We thus conclude that the defendant's act of copying an e-mail to D.L. did not constitute protected speech, but was instead an act which would qualify under the broad definition of contact prohibited by the order. See, e.g., Commonwealth v. Russell, 46 Mass.App.Ct. 307, 309-310 (1999) (evidence of unaccepted collect calls from incarcerated defendant to his wife were sufficient to establish violation of "no contact" order regardless of content of calls); Commonwealth v. Mendonca, 50 Mass.App.Ct. 684, 688 (2001) ("violation of an order not to contact by telephone is established by proof of unexcused conversation with a protected party over the telephone and without proof that the protected party was placed in fear").

Accordingly, to prove a violation of the no-contact provision of the order the Commonwealth was required to produce sufficient evidence of such contact, but not that the contents of the contact amounted to either abuse or harassment.

Acknowledging the Legislature "did not intend 'to make accidents and mistakes crimes'" for the purposes of "no contact" orders, Finase, 435 Mass. at 315, quoting Commonwealth v. Collier, 427 Mass. 385, 388 (1998), we conclude the evidence was sufficient for a rational jury to find that the defendant intentionally made contact with D.L. in violation of the order by copying his e-mail address to the defendant's December 15, 2017 e-mail to M.K. The evidence demonstrated the defendant was familiar with the function and consequences of including an e-mail address in the "Cc" field, as she, in her November 18, 2017 e-mail reply, reprimanded M.K. for exposing her to a potential violation of the order by copying D.L.'s address in his e-mail to her. The jury could also reasonably infer that the defendant had intentionally removed D.L.'s e-mail address from the list of copied recipients in her reply to M.K. on November 18, 2017, to avoid violating the order's no-contact provision.

However, when the defendant, on December 15, 2017, sent an e-mail to M.K. through the November 18, 2017 e-mail thread discussed above, the evidence supported the jury concluding that the defendant modified the existing intended recipients by entering D.L.'s e-mail address in the "Cc" field. The jury was free to reject the defendant's claim that she accidentally copied D.L., and instead reasonably conclude based on the circumstantial evidence that the defendant intentionally added D.L.'s e-mail address to her e-mail to M.K. See Collier, 427 Mass. at 389-390; Russell, 46 Mass.App.Ct. at 310.

The defendant also added a new school committee member to the "To" section of the e-mail.

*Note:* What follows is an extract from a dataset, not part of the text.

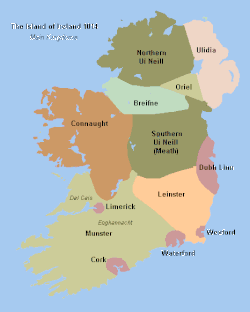 From the time of the seventh century and the reign of Domnall mac Áedo, the kingship of Tara was a title which was strongly associated with the high kingship of Ireland and was held by members of the Uí Néill dynasty, who controlled the northern half of Ireland.[8] In the tenth century, the Dál gCais, until then a small kingdom in what is now County Clare, began to expand. By the time of his death in 951, Cennétig mac Lorcáin had become King of Thomond. His son, Mathgamain mac Cennétig, was King of Munster when he died in 976.[9] Mathgamain's brother, Brian Boru, quickly asserted his claim to the kingship of Munster, then invaded Leinster and gained its submission.[10] In 998 he attacked the Uí Néill stronghold of Meath. Máel Sechnaill responded by attacking Munster in 999, and over the following years the two kings struggled for supremacy in Ireland. In 997, Brian and Máel Sechnaill met in Clonfert and reached an agreement where they recognised each other's reign over their respective halves of the country—Máel Sechnaill in the north and Brian in the south. Brian received the hostages of Leinster and Dublin from Máel Seachnaill, and surrendered the hostages of Connacht to him.[10] The peace was short-lived. After they had jointly defeated the Vikings at Glenmama, Brian resumed his attacks on Máel Seachnaill.[11] He marched on Tara in 1000 with the combined armies of Munster, Osraige, Leinster, and Dublin, but after an advance party consisting of the latter two groups was destroyed by Máel Sechnaill, Brian Boru withdrew from the area without giving battle.[12] In 1002 he marched with the same army to Athlone, and took the hostages of Connacht and Meath. He was now the undisputed High King of Ireland.[13]

At the defendant's request, the judge instructed the jury that the Commonwealth had the burden of proving "the alleged violation did not arise by accident, unknowingly or through inadvertence." See Commonwealth v. Podkowka, 445 Mass. 692, 699 (2006) ("Accident ... is treated as if it is an affirmative defense, which, when it negates an essential element of a crime . . . must be disproved by the Commonwealth beyond a reasonable doubt" [citations omitted]).

Thus, we conclude the defendant's act of copying D.L. in her e-mail to M.K. was sufficient to constitute a violation of the "no contact" provision of the order. Finase, 435 Mass. at 314. See Russell, 46 Mass.App.Ct. at 309-310.

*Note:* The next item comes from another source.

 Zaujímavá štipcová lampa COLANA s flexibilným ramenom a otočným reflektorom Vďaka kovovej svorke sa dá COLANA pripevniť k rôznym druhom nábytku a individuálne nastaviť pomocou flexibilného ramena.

b. Refrain from harassment or abuse condition.

It is undisputed that the contents of the defendant's December 15, 2017 e-mail copied to D.L. constituted speech. "[T]he Legislature crafted the civil harassment act, G. L. c. 258E, with the intent that the definition of harassment exclude constitutionally protected speech . . . ." O'Brien, 461 Mass. at 425. For speech alone to constitute sufficient evidence of either harassment or abuse under G. L. c. 258E, the speech must not be protected by the First Amendment. Id. at 422, 427-429. "While most speech is protected from government regulation by the First Amendment to the United States Constitution and art. 16 of the Massachusetts Declaration of Rights, as amended by art. 77 of the Amendments to the Massachusetts Constitution, there are 'certain well-defined and narrowly limited classes of speech' that are not protected," which include "true threats" and "fighting words" (citations omitted) . Id. at 422. Thus, speech that constitutes "true threats," as relevant here, is constitutionally unprotected and can amount to harassment or abuse under G. L. c. 258E. Id. at 425.

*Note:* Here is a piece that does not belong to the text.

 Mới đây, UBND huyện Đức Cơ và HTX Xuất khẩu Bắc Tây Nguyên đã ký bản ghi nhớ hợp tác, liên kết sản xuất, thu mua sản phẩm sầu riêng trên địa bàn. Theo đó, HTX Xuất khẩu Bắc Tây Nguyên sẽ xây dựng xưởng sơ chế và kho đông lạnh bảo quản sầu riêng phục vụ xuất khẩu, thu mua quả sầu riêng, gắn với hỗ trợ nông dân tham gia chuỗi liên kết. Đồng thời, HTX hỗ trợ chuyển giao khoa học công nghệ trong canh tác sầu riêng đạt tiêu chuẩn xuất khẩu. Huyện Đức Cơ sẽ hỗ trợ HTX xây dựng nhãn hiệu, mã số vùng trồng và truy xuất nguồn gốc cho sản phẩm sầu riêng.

Speech amounting to "fighting words" is "limited to words that are likely to provoke a fight: face-to-face personal insults that are so personally abusive that they are plainly likely to provoke a violent reaction and cause a breach of the peace." 0'Brien, 461 Mass. at 423. Because the Commonwealth does not contend the defendant's e-mail to M.K. constituted fighting words, our review is limited to whether the communication amounted to a "true threat."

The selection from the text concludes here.